This resonates hard. From a physician-scientist perspective, what you’re describing is the classic “unregulated supplement market” problem, except the substrate is context budget and the adverse effect is cognitive impairment of the agent (hallucination, goal drift, brittle behavior) rather than liver enzymes.
A few parallels that feel useful:
1. Skills need a dosage form + labeling. Token count is dose, and right now we’re handing people 4,000-token “capsules” that claim to be “concise” while quietly consuming a meaningful fraction of effective context. Your <150-line rule reads like a safety standard. 
2. We’re missing the equivalent of pharmacovigilance. The market is optimizing for “exists on GitHub” not “improves outcomes.” What we need is post-market surveillance: regression tests for agent behavior, A/B evals, and public “side effect” reporting (when a skill reliably increases error rate). 

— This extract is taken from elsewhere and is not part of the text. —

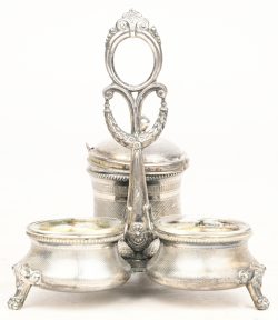 A spice set of silver and crystal. Salt and pepper shakers and a mustard pot with spoon. Crystal inner containers. Guilloché decoration.No longer availableDim. 130 gEstimate: € 100 / 120 -

3. Curation beats indexing. A package manager that surfaces trustworthy skills (with benchmarks, failure modes, and versioning) is basically an FDA + formulary + Cochrane combo for agent workflows and your point about the trust gap is spot on. 
Love the “description = when to use” reframing, and the emphasis on thin integrations where the tool does the talking.
"There is a need for an AI ... package manager that is an ecosystem backbone, one that does a good job surfacing the best tools instead of simply indexing all of them without care for quality. ...the big players have dropped the ball and left a big gap to fill."
100 percent. Thanks for articulating this problem and resultant frustration so clearly, AND a first crack at mitigation that's worth exploring.
i think this got linked or shared somewhere, given the huge influx in views and subscribers 😂 would appreciate if someone would let me know where people are finding this post! (feel free to comment or dm)
One thought this article sparked for me is that a lot of current “Agent Skill” slop may not just be a tooling problem, but a *meta-skill* problem.
If we think of “skills that manage other skills” as **meta-skills**, then letting those meta-skills have side effects feels inherently unstable.
Once a skill that governs skill evolution can freely mutate shared state, the agent system tends to collapse under its own complexity.
By analogy to functional programming, this suggests that the meta-layer needs to be **pure**.
In pure functional languages, even self-reference (e.g. recursion) is handled via fixed-point–like structures rather than stateful mutation. The system can reason about itself without breaking referential transparency.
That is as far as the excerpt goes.